* **What is needed**
All of the entries must be reproduced exactly, with no images carried over.

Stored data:
▬▬▬

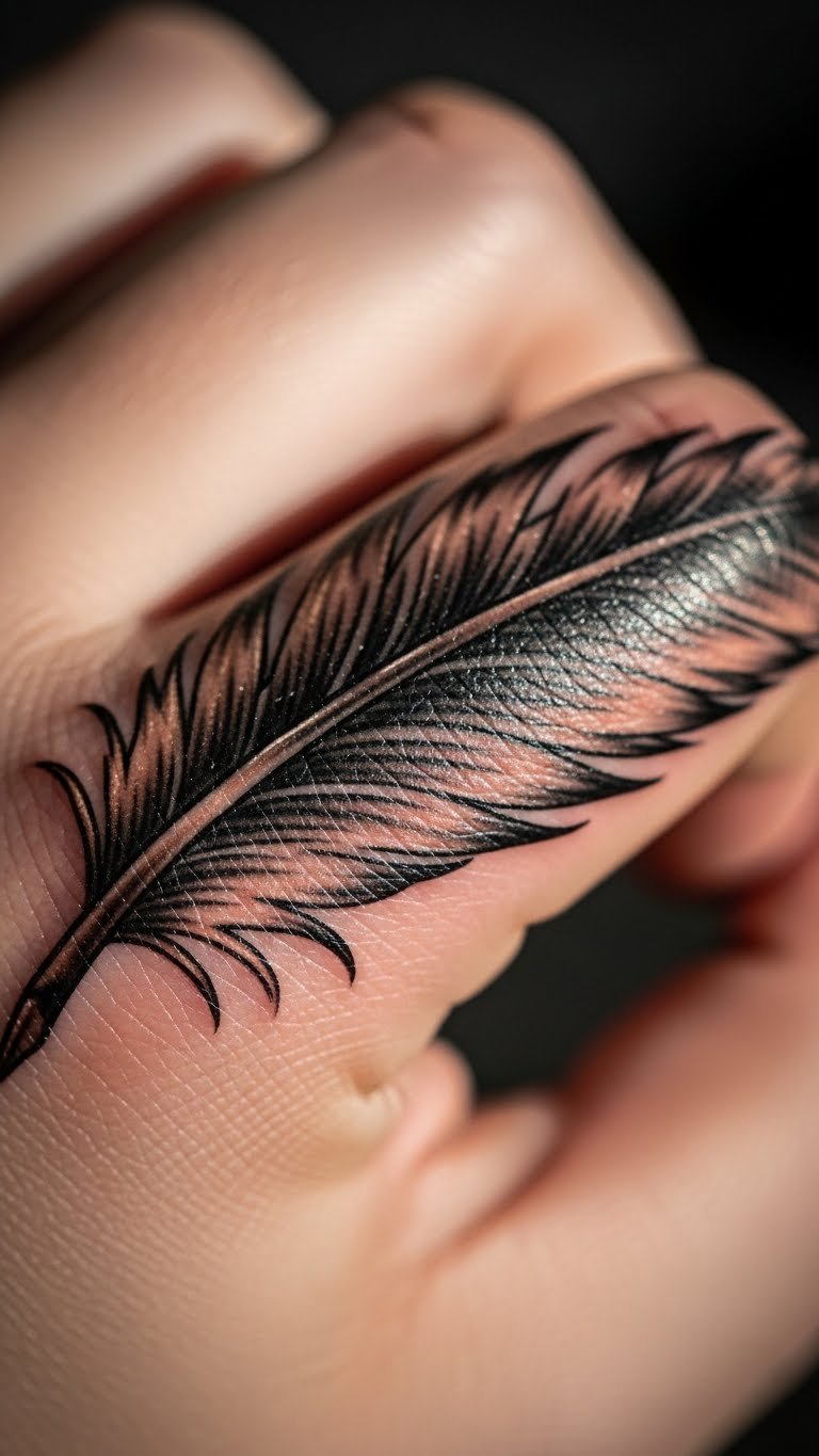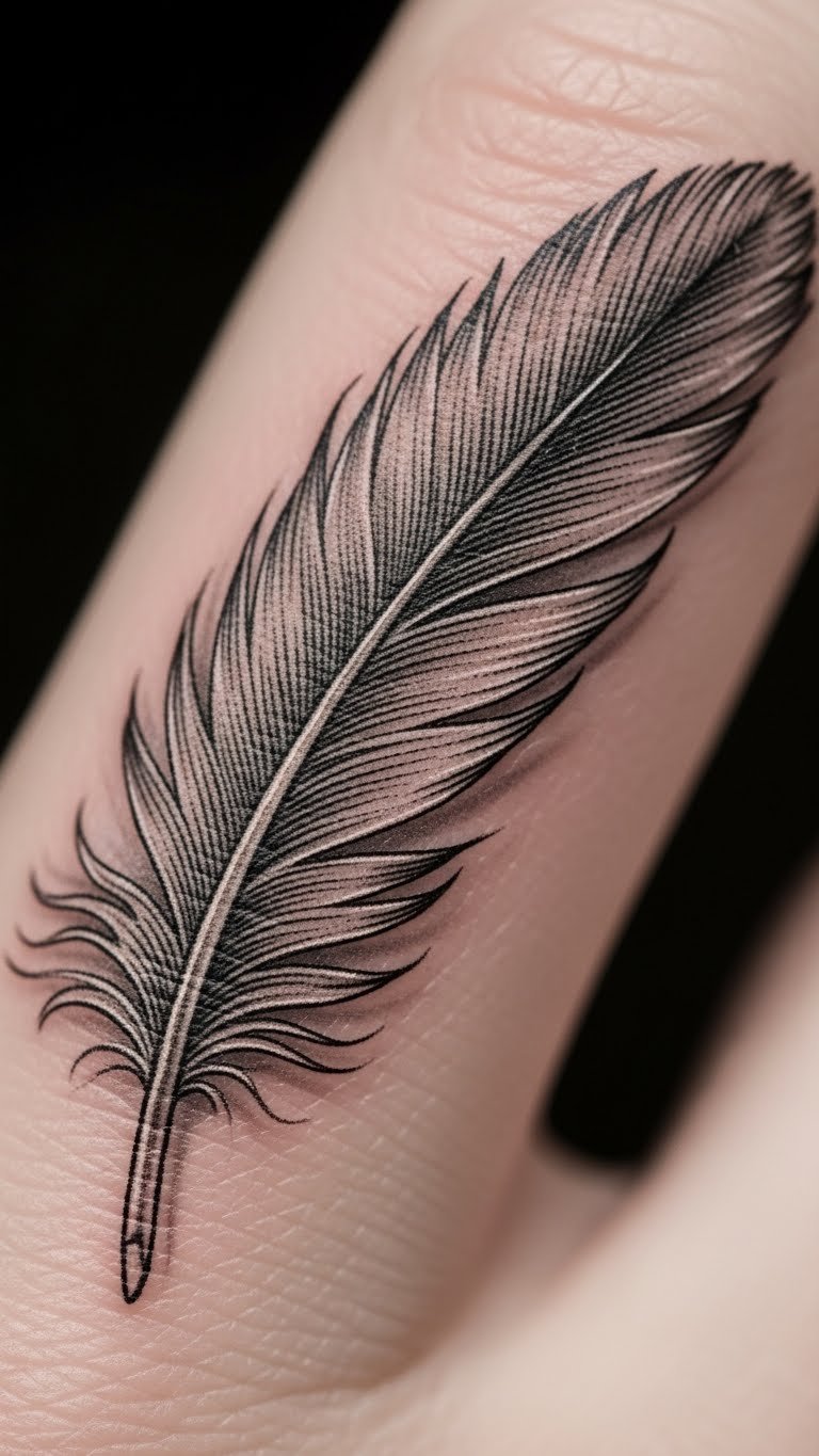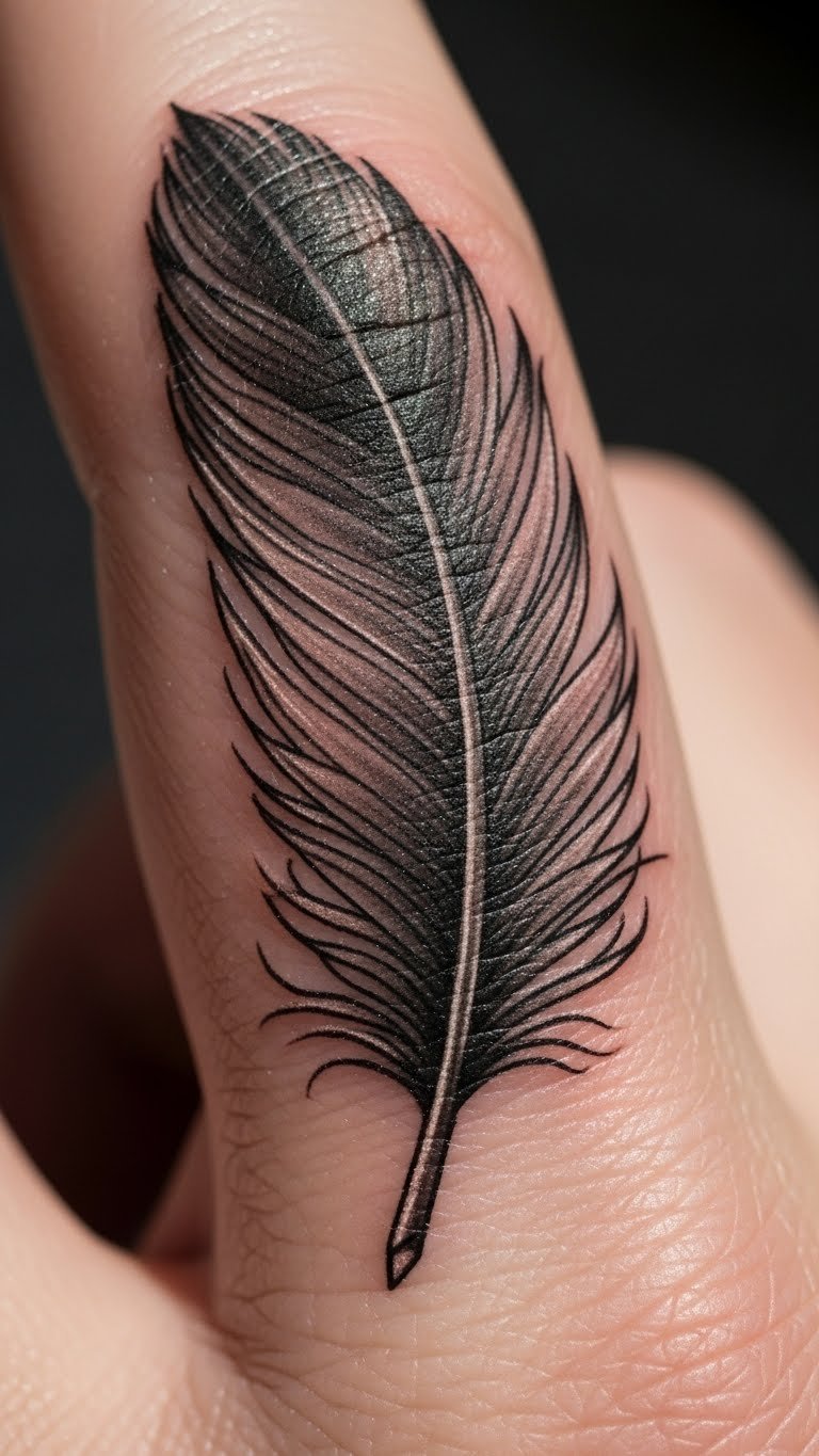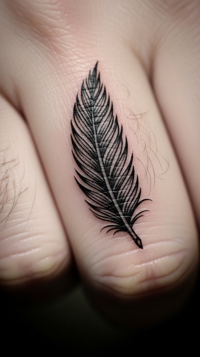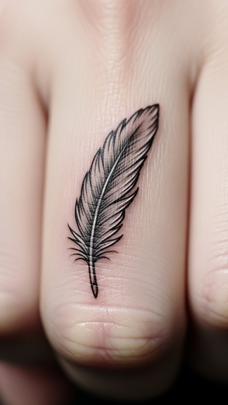 A minimalist feather on your finger keeps things straightforward and elegant. Think of a single line drawing that says “freedom” without extra fuss. You get a design that fits daily life. Start by sketching a basic feather shape on paper with a pen. Use online templates for ideas. This style costs less at the tattoo shop. Go for a local artist who offers budget sessions. Add it to your finger for a quick reminder. Bold choices like this last with simple care. Wipe the area gently each day. Pair it with your routine for meaning. Try drawing it on with henna first to test the look.
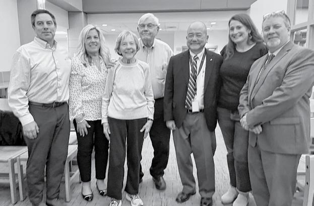 Alex Kulevich (center, back) poses with his family and School Committee members Brian Ota and Sarah Fox and interim Superintendent John Robidoux after the committee voted to name the high school athletic center after the former coach, teacher and athletic director.
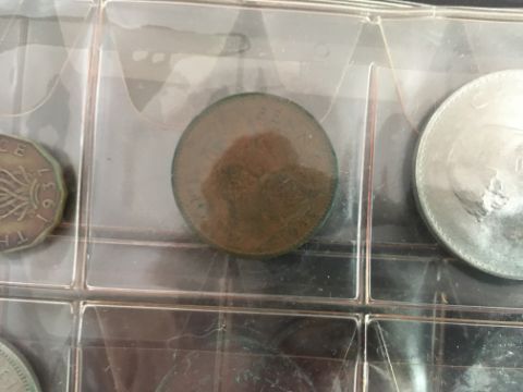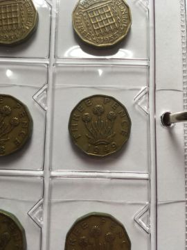 COINS: A COLLECTION IN TWO ALBUMS, MAINLY UK WITH BRASS THREEPENCE 1946 (2), 1949, PENNY 1953 ETC.
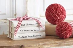 Stacked Christmas Books With Red And White Ribbon – Set Of 3, 8 Inch
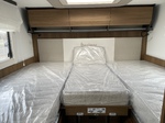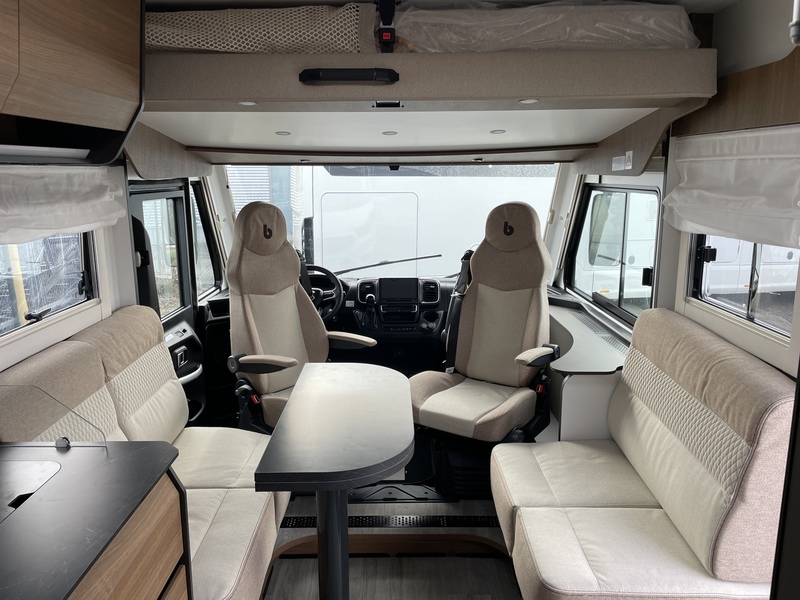 Innenraum: MALAGA+RAW MATT BLACK-Mobiliar, Obere Schränke Ambiente LED-Beleuchtung, Lautsprecher im Wohnbereich, Schubladen mit Softclose, Kissen mit wechselbaren Bezügen, erleichteter Einstieg ins Hubbett durch Anpassung der Möbel im Aufbau, ausziehbarer Esstisch, Doppeltrenntür zwischen Schlafzimmer und Wohnraum, Hubbett 2 Schlafplätze (max.230Kg), Einzelbetten umbaubar zu großem Doppelbett (170 cm x 210 cm), Innentür mit direktem Zutritt zur Garage, Schubladen unter dem Bett, LED-Licht am Kopfteil des Bettes, Indirekte Beleuchtung am Bettpaneel, USB-Steckdose im Schlafbereich, Schrankbeleuchtung, beleuchtete Dekorationspaneele, 4 dekorative Kissen passend zum neuen Möbeldesign, 22A Batterieladegerät mit Lithium-Option
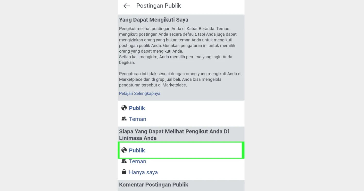 - Langkah berikutnya, scrool ke bawah guna menemukan menu Privasi dan setelahnya pilih Postingan Publik guna mengubah menjadi publik tepat berada di bagian bawah “Siapa Yg Dapat Melihat Pengikut Anda Dilinimasa Anda“
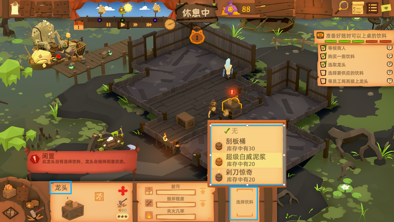 9、随后点击龙头,设置需要售卖的酒水,最后等等客人的到来即可,随着金钱的增加,玩家也就可以将自己的酒馆建设的更加繁华了。
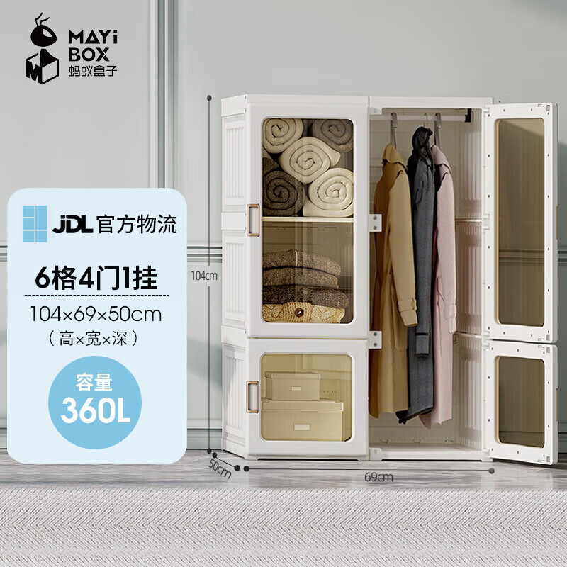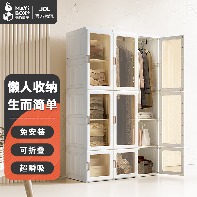 蚂蚁盒子(MAYIHEZI)免安装可折叠塑料成人简易衣柜子出租房衣服收纳防尘6格4门1挂价格:409.00元!
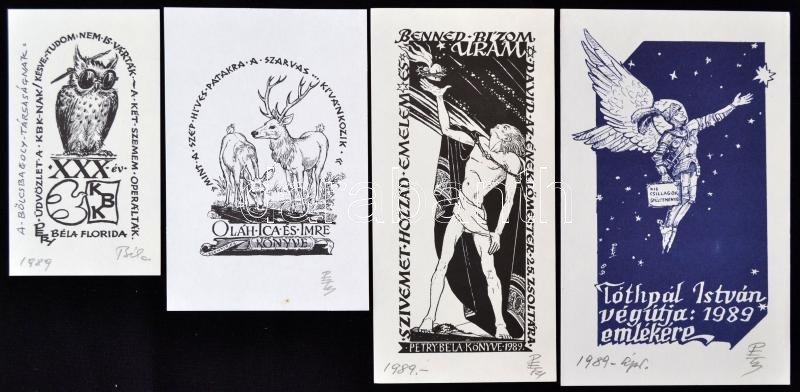 Beschreibung: Petry Béla (1902-1996): 4 db ex libris érdekes témákban, klisé, papír, jelzettek, különböző méretben
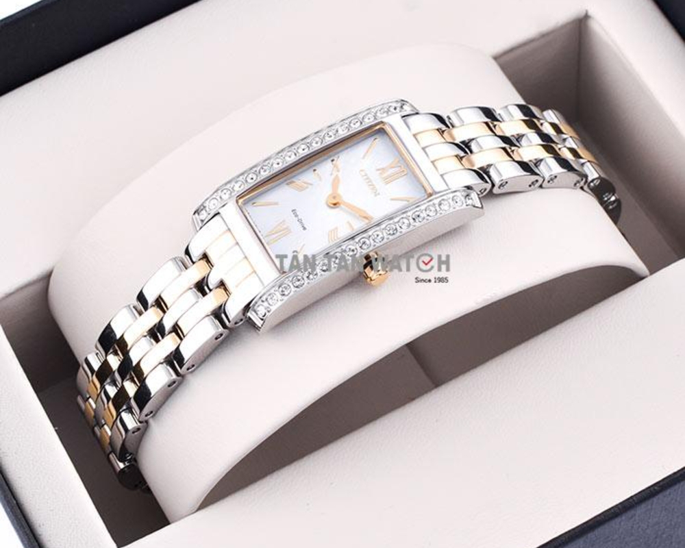 Chinh phục phái đẹp từ ngay ánh nhìn đầu tiên, Citizen EX1474-85D sở hữu bộ vỏ chữ nhật thời thượng với vẻ ngoài ngọt ngào, thanh lịch và sang trọng đậm chất Citizen. Chiếc đồng hồ này có tông màu demi vàng gold - bạc nổi bật kết hợp cùng mặt số xà cừ, đá Swarovski cao cấp đến bộ máy Eco-Drive độc quyền không phải thay pin thường xuyên sẽ là chiếc phụ kiện cho các cô nàng.

▬▬▬

* **Response to this task**
 A minimalist feather on your finger keeps things straightforward and elegant. Think of a single line drawing that says “freedom” without extra fuss. You get a design that fits daily life. Start by sketching a basic feather shape on paper with a pen. Use online templates for ideas. This style costs less at the tattoo shop. Go for a local artist who offers budget sessions. Add it to your finger for a quick reminder. Bold choices like this last with simple care. Wipe the area gently each day. Pair it with your routine for meaning. Try drawing it on with henna first to test the look.
 Alex Kulevich (center, back) poses with his family and School Committee members Brian Ota and Sarah Fox and interim Superintendent John Robidoux after the committee voted to name the high school athletic center after the former coach, teacher and athletic director.
 COINS: A COLLECTION IN TWO ALBUMS, MAINLY UK WITH BRASS THREEPENCE 1946 (2), 1949, PENNY 1953 ETC.
 Stacked Christmas Books With Red And White Ribbon – Set Of 3, 8 Inch
 Innenraum: MALAGA+RAW MATT BLACK-Mobiliar, Obere Schränke Ambiente LED-Beleuchtung, Lautsprecher im Wohnbereich, Schubladen mit Softclose, Kissen mit wechselbaren Bezügen, erleichteter Einstieg ins Hubbett durch Anpassung der Möbel im Aufbau, ausziehbarer Esstisch, Doppeltrenntür zwischen Schlafzimmer und Wohnraum, Hubbett 2 Schlafplätze (max.230Kg), Einzelbetten umbaubar zu großem Doppelbett (170 cm x 210 cm), Innentür mit direktem Zutritt zur Garage, Schubladen unter dem Bett, LED-Licht am Kopfteil des Bettes, Indirekte Beleuchtung am Bettpaneel, USB-Steckdose im Schlafbereich, Schrankbeleuchtung, beleuchtete Dekorationspaneele, 4 dekorative Kissen passend zum neuen Möbeldesign, 22A Batterieladegerät mit Lithium-Option
 - Langkah berikutnya, scrool ke bawah guna menemukan menu Privasi dan setelahnya pilih Postingan Publik guna mengubah menjadi publik tepat berada di bagian bawah “Siapa Yg Dapat Melihat Pengikut Anda Dilinimasa Anda“
 9、随后点击龙头,设置需要售卖的酒水,最后等等客人的到来即可,随着金钱的增加,玩家也就可以将自己的酒馆建设的更加繁华了。
 蚂蚁盒子(MAYIHEZI)免安装可折叠塑料成人简易衣柜子出租房衣服收纳防尘6格4门1挂价格:409.00元!
 Beschreibung: Petry Béla (1902-1996): 4 db ex libris érdekes témákban, klisé, papír, jelzettek, különböző méretben
 Chinh phục phái đẹp từ ngay ánh nhìn đầu tiên, Citizen EX1474-85D sở hữu bộ vỏ chữ nhật thời thượng với vẻ ngoài ngọt ngào, thanh lịch và sang trọng đậm chất Citizen. Chiếc đồng hồ này có tông màu demi vàng gold - bạc nổi bật kết hợp cùng mặt số xà cừ, đá Swarovski cao cấp đến bộ máy Eco-Drive độc quyền không phải thay pin thường xuyên sẽ là chiếc phụ kiện cho các cô nàng.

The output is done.